After the 2022 Austrian Grand Prix he was fired after labeling Aston Martin F1 Team driver Lance Stroll as "The Autistic".

==Biography==
Lionel Froissart was ten years old when he attended his first Formula One Grand Prix on July 7, 1968. It was Jacky Ickx first victory at the 1968 French Grand Prix on the Rouen-Les-Essarts.

He began his career as a journalist at Auto Hebdo in 1976, where he created the Kart racing section. He is also in charge of photographic reporting, immortalizing some of the drivers who became famous in their karting days. Shortly afterwards, he was asked to Road racing races in France. From 1981, he followed a number of Formula 1 Grands Prix for his magazine.

Between 1978 and 1981, he was one of three official Le Palace photographers.

In 1984, he spent the year following the Formula 1 season alongside French driver François Hesnault (Ligier). That same year, Ayrton Senna, whom Lionel Froissart had met in his Kart racing, also made his F1 debut.

In 1986, he was recruited by the newspaper Libération to work in the “Sports” section, where his work led him to cover the Formula 1 Grands Prix. He was also a commentator on F1 Grands Prix for the Screensport (TV channel), Canal+ Horizons and TMC. He then became deputy head of the sports department at Libération. He left Libération on January 6, 2015, becoming a freelance journalist.

Lionel Froissart also specializes in tennis, skiing and Boxing, to which he dedicated his first novel in 2007, Les boxeurs finissent mal... en général. In twelve chapters, like so many rounds, he brings to life the destinies of twelve boxers from different eras of the noble art. The book was awarded the Prix Sport Scriptum on November 26, 2008.

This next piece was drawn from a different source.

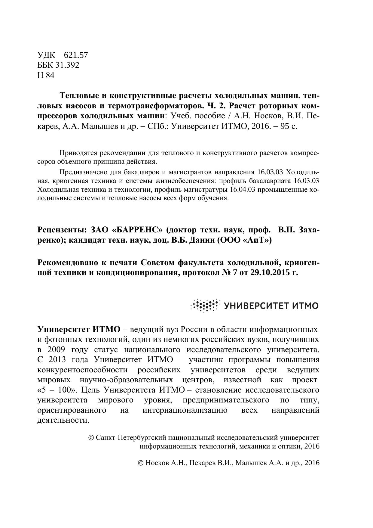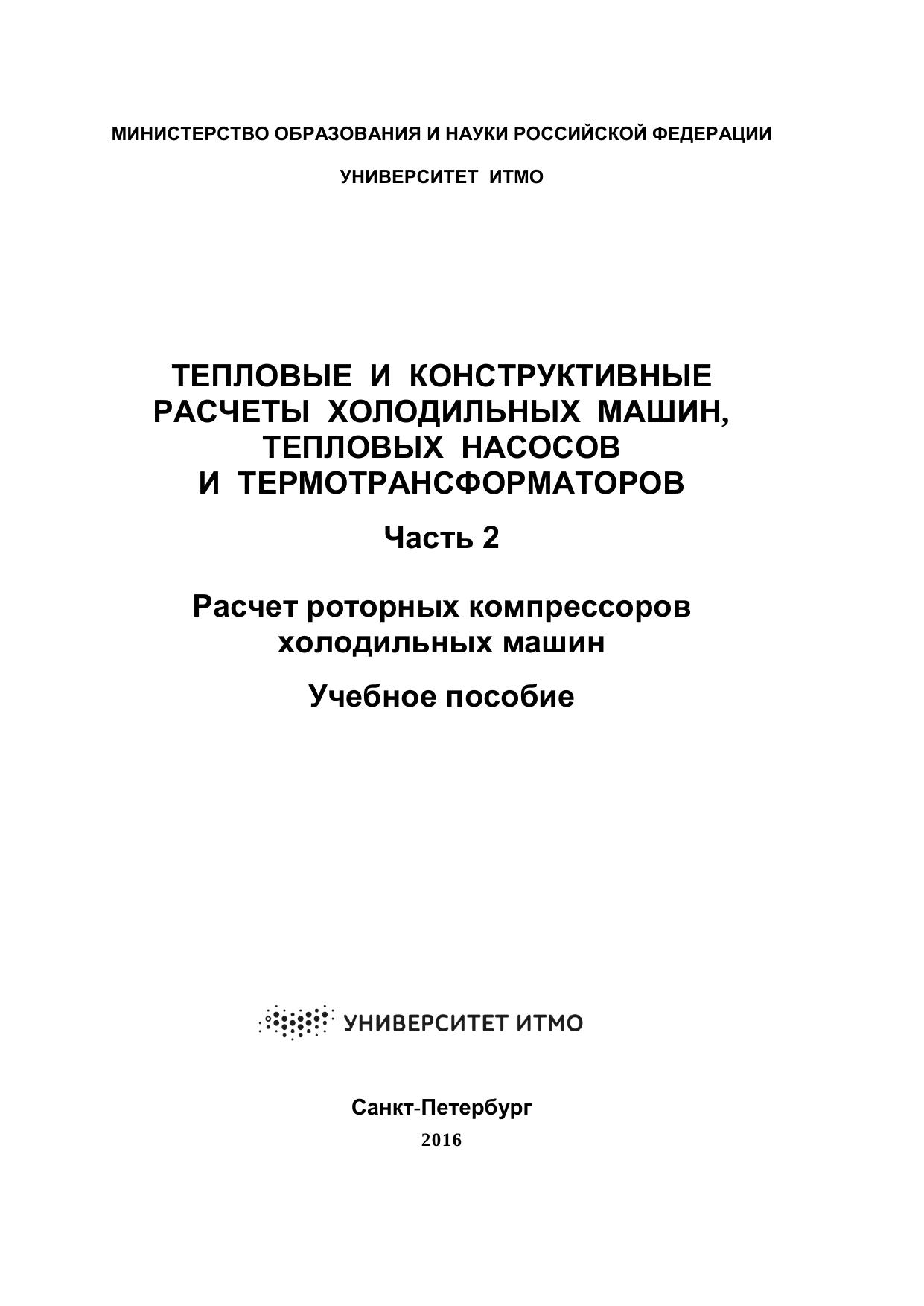 Тепловые и конструктивные расчеты холодильных машин, тепловых насосов и термотрансформаторов. Ч. 2. Расчет роторных компрессоров холодильных машин: учебное пособие

From 2003 to 2012, he was a columnist on Eurosport Auto Critiques program, before joining Canal+'s team of consultants for the “Les Spécialistes F1” program when the encrypted channel obtained the rights to broadcast the Formula 1 World Championship.

Speaking on RTBF during the 2022 Austrian Grand Prix, he criticized Aston Martin F1 Team driver Lance Stroll, calling him “autistic”. He was dismissed three days after this incident.